Aunque las minisentadillas con una sola pierna fortalecen algunos de los mismos músculos que se trabajan con las estocadas, los ejercicios se enfocan en estos músculos de manera algo diferente. Según el Dr. Candy, “las minisentadillas con una sola pierna requieren más equilibrio para controlar la pierna, por lo que generalmente ayudan a fortalecer los músculos abductores y rotadores de la cadera más que las estocadas, pero el glúteo mayor no tanto”.
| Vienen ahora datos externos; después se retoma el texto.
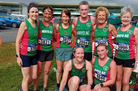 The Mayo AC tea, who took part in the Castlegar AC races in Ballybrit. Back row, from left: Donna Gallagher, Colette Tuohy, Angela O’Connor, Paraic Sweeney, Breege Blehein and Mags Glavey. Front row: Eimear Fitzmaurice and Katie Gibbons.
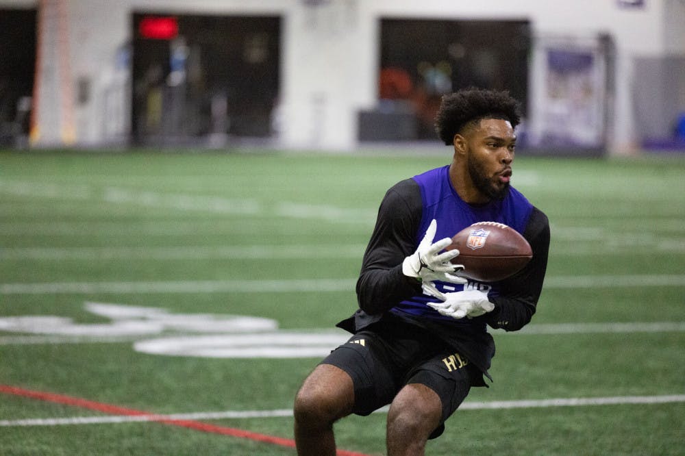 Senior wide receiver Jeremiah Hunter completes a quick pass from quarterback Will Rogers during Washington's Pro Day at Dempsey Indoor Center in Seattle, Washington on March 10, 2025.
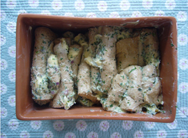 4. Den Hefeteig durchkneten, auf der bemehlten Arbeitsfläche zu einem Rechteck ausrollen und die Kräuterbutter gleichmäßig darauf verstreichen. Den Teig längs in fünf Streifen schneiden. Die Streifen jeweils ziehharmonikaartig zusammenfalten, senkrecht in die eingefettete Rechteck-Terracotta-Form (T 4) geben, mit einem Tuch abdecken und an einem warmen Ort nochmals ca. 15 Min. gehen lassen.
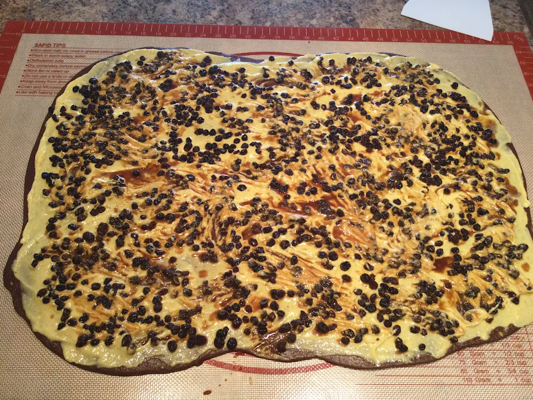 I then rolled the dough up into a tube. NOTE: there was a lot of extra moisture in there vs previous kugelhopfs. Moisture came from the frangipane and espresso.
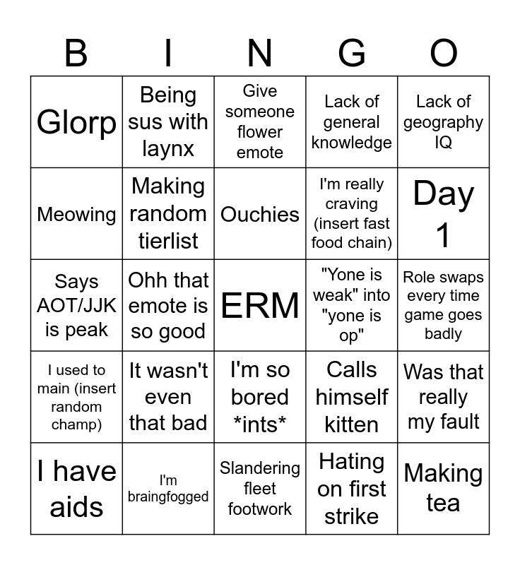 This bingo card has a free space and 24 words: It wasn't even that bad, I'm braingfogged, Ouchies, I have aids, Lack of geography IQ, Glorp, Meowing, Being sus with laynx, "Yone is weak" into "yone is op", I'm so bored *ints*, I'm really craving (insert fast food chain), Says AOT/JJK is peak, Calls himself kitten, Was that really my fault, Making random tierlist, Hating on first strike, Role swaps every time game goes badly, Give someone flower emote, Day 1, Ohh that emote is so good, Making tea, I used to main (insert random champ), Lack of general knowledge and Slandering fleet footwork.
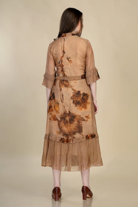 Gold midi dress featuring a waterlily print with frill details in an organza fabric
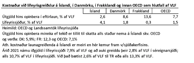 Þá er það kostnaðurinn. Í Frakklandi kostar eftirlaunakerfið 13,9% af vergri landsframleiðslu ár hvert. Í Danmörku kostar það hins vegar 9,8% af VLF, þegar útgreiðslum lífeyrissjóða hefur verið bætt við og 6,7% á Íslandi.

  • Párese erguido con una buena postura y enganche su núcleo mientras levanta una pierna del suelo.
  • Doble la rodilla y la cadera sobre la pierna de apoyo mientras se sienta en cuclillas, yendo solo lo más profundo que pueda manejar.
  • Puede sostenerse suavemente de una superficie para mantener el equilibrio, pero intente usar la pierna de apoyo para volver a levantarse, no confíe en sus brazos.
  • Completa de 10 a 15 repeticiones por lado.

caminar con el talón

Caminar sobre los talones con los dedos de los pies hacia arriba puede parecer divertido, pero puede ayudar a fortalecer el músculo tibial anterior en la parte delantera de la espinilla. “Esto ayuda a garantizar que levante los dedos de los pies correctamente cuando balancee las piernas, para que no se arrastren por el suelo y lo hagan tropezar”, dice el Dr. Candy. Este ejercicio también puede ayudar a evitar que el pie “golpee” el suelo y puede ayudar a absorber el impacto. En última instancia, esto puede ayudar a prevenir los calambres en las piernas, una lesión común y, a veces, debilitante en los caminantes y corredores.

  • Manteniendo el core contraído y la postura erguida, camine sobre los talones de 30 a 50 metros y luego camine hacia atrás.
  • Repita dos o tres veces.

Consejos adicionales para caminar de forma segura durante el verano

Aumente su kilometraje lentamente: Aumentar su nivel de actividad demasiado rápido puede causar lesiones. “Después del invierno, muchas personas tienen claustrofobia y están motivadas para salir y comenzar una rutina de caminata”, dice la Dra. Candy. “Sin embargo, si comienza a caminar demasiado demasiado pronto, puede causar una lesión que le impida caminar tanto como le gustaría durante el resto del verano”.

Beber mucha agua: Sudas más de lo que crees. Mantenerse adecuadamente hidratado puede ayudar a que sus músculos se recuperen.

Dormir lo suficiente: El cuerpo necesita recuperarse de la actividad extra. Practique una buena higiene del sueño con una rutina de sueño constante para optimizar su descanso.

Come alimentos nutritivos: Tu cuerpo necesita nutrientes como proteínas, vitaminas, minerales y suficiente energía para reparar los tejidos después del ejercicio.

No ignores el dolor: “Si tiene un dolor que es más que un simple dolor, o si le molesta y no parece desaparecer, consulte a un fisioterapeuta para que lo revise y descubra qué puede hacer para caminar con mayor seguridad”, aconseja Dra. Candy.